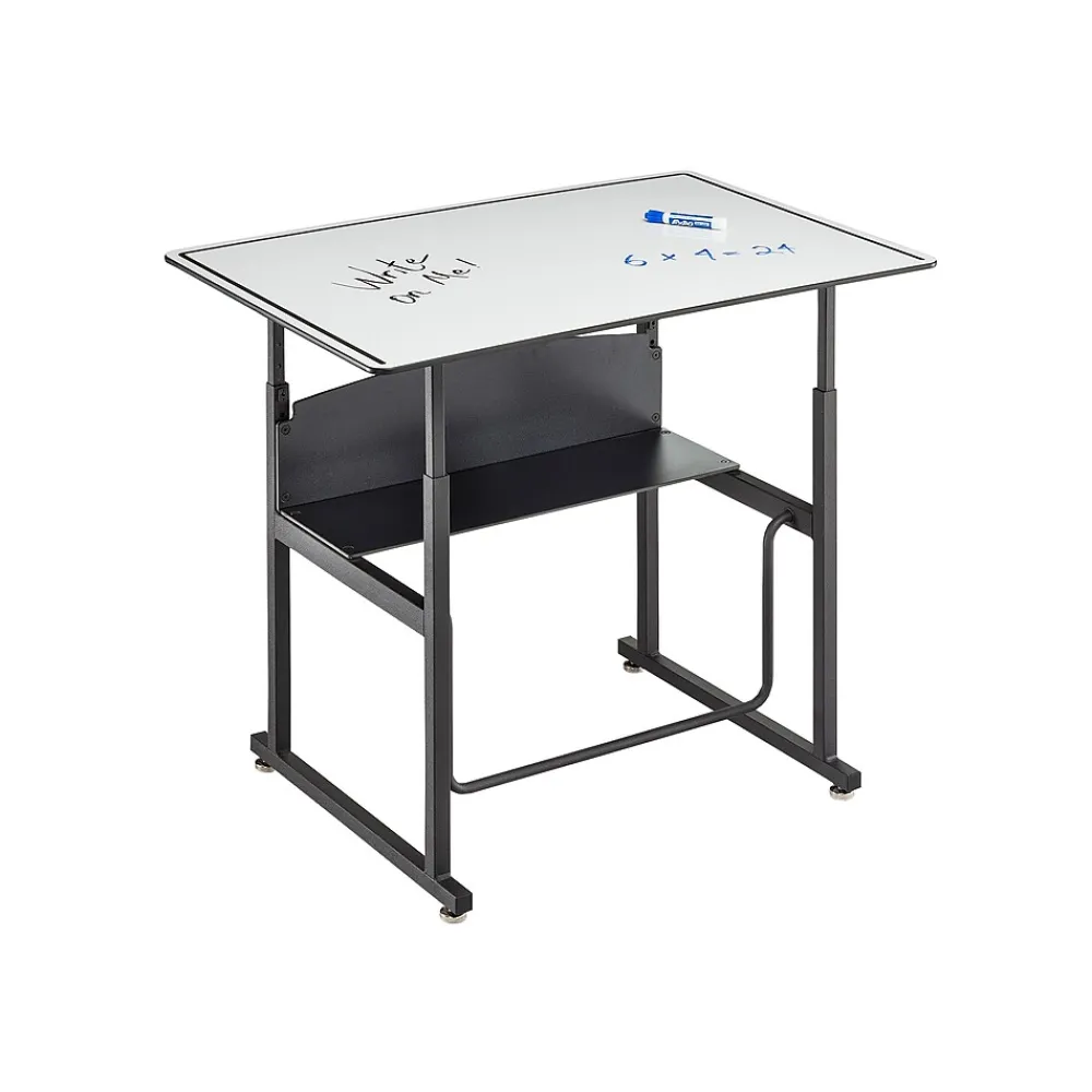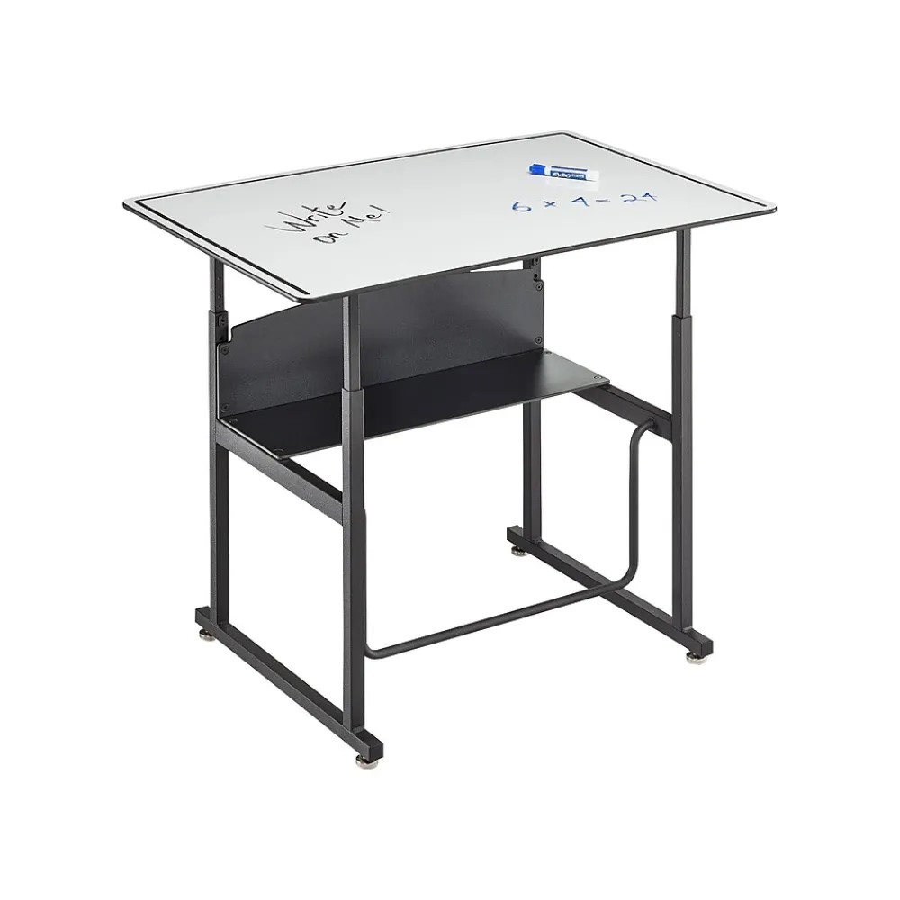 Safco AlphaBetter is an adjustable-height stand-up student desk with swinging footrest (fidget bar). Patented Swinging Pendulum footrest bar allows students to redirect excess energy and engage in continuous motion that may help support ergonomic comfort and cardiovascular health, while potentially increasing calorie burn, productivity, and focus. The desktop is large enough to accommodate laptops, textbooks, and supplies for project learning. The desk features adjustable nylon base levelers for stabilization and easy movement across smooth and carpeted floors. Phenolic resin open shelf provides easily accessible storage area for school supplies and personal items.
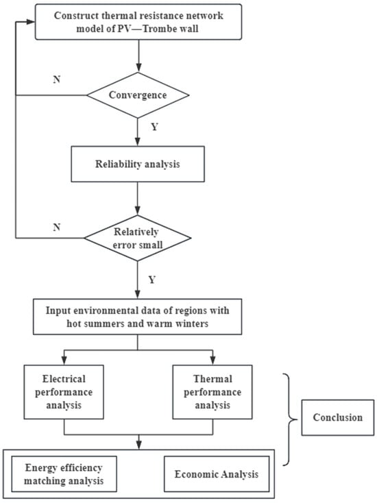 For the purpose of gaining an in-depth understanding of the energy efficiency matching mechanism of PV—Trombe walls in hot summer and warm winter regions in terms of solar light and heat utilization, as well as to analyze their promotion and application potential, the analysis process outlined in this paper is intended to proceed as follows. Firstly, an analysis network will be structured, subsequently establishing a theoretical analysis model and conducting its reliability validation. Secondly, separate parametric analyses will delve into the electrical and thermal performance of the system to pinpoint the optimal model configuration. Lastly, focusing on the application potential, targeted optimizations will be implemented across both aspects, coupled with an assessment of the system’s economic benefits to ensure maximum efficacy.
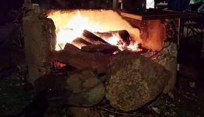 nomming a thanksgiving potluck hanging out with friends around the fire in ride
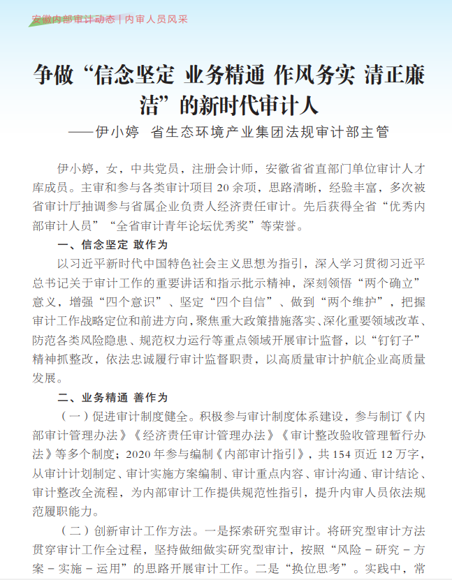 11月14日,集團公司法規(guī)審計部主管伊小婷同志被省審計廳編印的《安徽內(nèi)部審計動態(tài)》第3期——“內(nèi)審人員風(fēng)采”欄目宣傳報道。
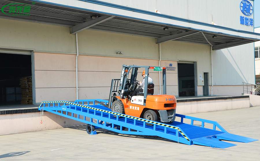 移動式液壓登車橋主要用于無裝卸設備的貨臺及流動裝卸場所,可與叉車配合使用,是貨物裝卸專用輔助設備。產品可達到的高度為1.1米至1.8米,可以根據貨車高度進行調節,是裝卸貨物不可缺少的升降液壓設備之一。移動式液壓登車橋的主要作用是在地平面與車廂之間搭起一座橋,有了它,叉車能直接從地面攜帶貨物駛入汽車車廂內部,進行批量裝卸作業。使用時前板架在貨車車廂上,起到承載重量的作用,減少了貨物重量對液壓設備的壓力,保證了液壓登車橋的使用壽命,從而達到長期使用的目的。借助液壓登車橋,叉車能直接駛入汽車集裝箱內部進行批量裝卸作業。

______________________________

WHAT TO WORK ON
All lines from the line containing "nomming a thanksgiving" through the end of the listing above are to be given again exactly; pictures are not part of the copy.

YOUR SOLUTION
 nomming a thanksgiving potluck hanging out with friends around the fire in ride
 11月14日,集團公司法規(guī)審計部主管伊小婷同志被省審計廳編印的《安徽內(nèi)部審計動態(tài)》第3期——“內(nèi)審人員風(fēng)采”欄目宣傳報道。
 移動式液壓登車橋主要用于無裝卸設備的貨臺及流動裝卸場所,可與叉車配合使用,是貨物裝卸專用輔助設備。產品可達到的高度為1.1米至1.8米,可以根據貨車高度進行調節,是裝卸貨物不可缺少的升降液壓設備之一。移動式液壓登車橋的主要作用是在地平面與車廂之間搭起一座橋,有了它,叉車能直接從地面攜帶貨物駛入汽車車廂內部,進行批量裝卸作業。使用時前板架在貨車車廂上,起到承載重量的作用,減少了貨物重量對液壓設備的壓力,保證了液壓登車橋的使用壽命,從而達到長期使用的目的。借助液壓登車橋,叉車能直接駛入汽車集裝箱內部進行批量裝卸作業。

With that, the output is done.